Patient charges will not increase from 1 April in England or Wales, it has been confirmed.
The Department of Health and Social Care says there will not be a hike in patient charges in England from 1 April.
Similarly, the chief dental officer for Wales, Colette Bridgman, confirmed the same for the Welsh profession.
This follows the announcement in November that NHS patient fees will increase by 5% just before Christmas.
The hike was delayed in April as a result of the pandemic. But from 14 December 2020, the new patient charges mean:
- A routine check up will increase by £1.10. This indicates an increase from £22.70 to £23.80
- Treatments including root canals and extractions will increase by £3.10, from £62.10 to £65.20
- Finally, procedures such as crowns, bridges and dentures will rise by £13.50, from £269.30 to £282.80.
The government also announced this week that NHS dental practices will need to hit 60% of their pre-COVID activity from 1 April.
From 1 January 2021, dental practices needed to deliver 45% of their NHS contracts to avoid being handed financial penalties.
But now this target has been raised to 60%. It is set to last for six months, until 1 October 2021.
The move has been criticised by the British Dental Association (BDA), which argues that targets are not appropriate during a pandemic.
Targets have no place
Shawn Charlwood is chair of the BDA’s general dental practice committee. ‘Dentists in England have been put in an invidious position,’ he said.

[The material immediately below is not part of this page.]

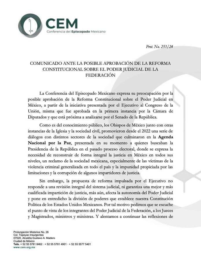 Hacemos votos para que el Senado de la República, tomando en cuenta la trascendencia del tema, se dé el tiempo para reflexionar con profundidad

‘Practices are already working unsustainably to try and meet perverse targets, and now hundreds face an existential threat.
‘Patients deserve to know why Whitehall accountants are being given free rein to dictate targets that fly in the face of government guidance, NHS protocols, and even clinical advice supplied to ministers.
‘While the vaccine programme is making real headway, the restrictions we work to remain unchanged. Targets have no place during a pandemic. Doubling down will only leave the future of NHS services in doubt.’